Question & Answer
QUESTION

Verify Lagrange’s mean value theorem for the following function on the indicated interval. In each case find a point ‘\[c\]’ in the indicated interval as stated by the Lagrange's mean value theorem:
 \[f\left( x \right) = 2{x^2} - 3x + 1\] on \[\left[ {1,3} \right]\]

ANSWER Verified Verified
Hint: First of all, we need to check the function \[f\left( x \right)\] satisfies all the conditions of the Lagrange’s mean value theorem. Then find the one point \[c\] in the given interval using Lagrange’s formula. So, use this concept to reach the solution of the given problem.

Complete step-by-step answer:
Given \[f\left( x \right) = 2{x^2} - 3x + 1\] on \[\left[ {1,3} \right]\]
Lagrange’s Mean Value Theorem (LMVT) states that if a function \[f\left( x \right)\] is continuous on a closed interval \[\left[ {a,b} \right]\] and differentiable on the open interval \[\left( {a,b} \right)\], then there is at least one point \[x = c\]on this interval, such that \[f'\left( c \right) = \dfrac{{f\left( b \right) - f\left( a \right)}}{{b - a}}\].

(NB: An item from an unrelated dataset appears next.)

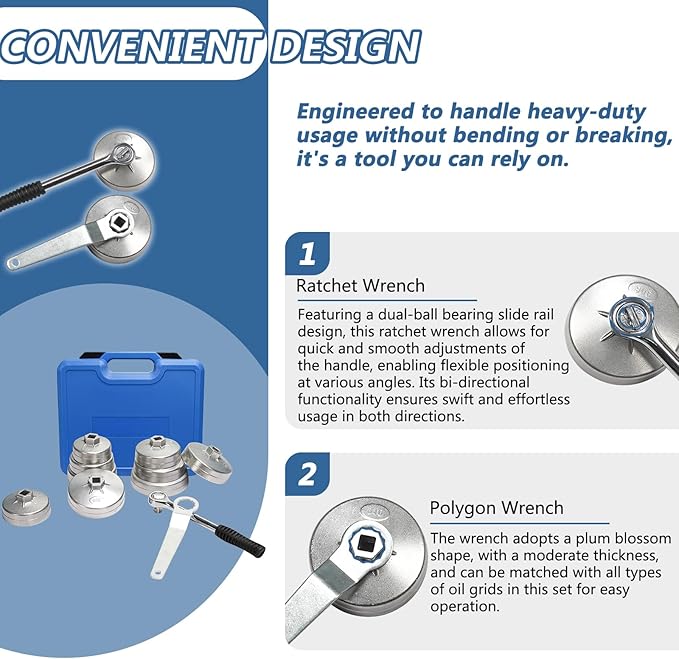 - 【Premium Materials】Crafted from a blend of durable stainless steel and aluminum alloy, our Oil Filter Wrench Set ensures exceptional strength, resistance to rust, and longevity. Engineered to handle heavy-duty usage without bending or breaking, it's a tool you can rely on.

We know that a polynomial function is continuous everywhere and also differential.

So, \[f\left( x \right)\]being a polynomial is continuous on \[\left[ {1,3} \right]\] and differentiable on \[\left( {1,3} \right)\]

So, there must exist at least one real number \[c \in \left( {1,3} \right)\]
\[ \Rightarrow f'\left( c \right) = \dfrac{{f\left( 3 \right) - f\left( 1 \right)}}{{3 - 1}} = \dfrac{{f\left( 3 \right) - f\left( 1 \right)}}{2}\]

We have \[f\left( x \right) = 2{x^2} - 3x + 1\]
So \[f\left( 1 \right) = 2{\left( 1 \right)^2} - 3\left( 1 \right) + 1 = 2 - 3 + 1 = 0\]
     \[f\left( 3 \right) = 2{\left( 3 \right)^2} - 3\left( 3 \right) + 1 = 18 - 9 + 1 = 10\]

And \[f'\left( x \right) = \dfrac{{d\left( {2{x^2} - 3x + 1} \right)}}{{dx}} = 4x - 3\]
So \[f'\left( c \right) = 4c - 3\]

As \[f'\left( c \right) = \dfrac{{f\left( 3 \right) - f\left( 1 \right)}}{2}\], we have
\[
   \Rightarrow 4c - 3 = \dfrac{{10 - 0}}{2} \\
   \Rightarrow 4c - 3 = 5 \\
   \Rightarrow 4c = 5 + 3 \\
   \Rightarrow 4c = 8 \\
   \Rightarrow c = 2 \\
  \therefore c \in \left( {1,3} \right) \\
\]

Note: This theorem (also known as First mean value Theorem) allows to express the increment of a function on an interval through the value of derivative at an intermediate point of segment.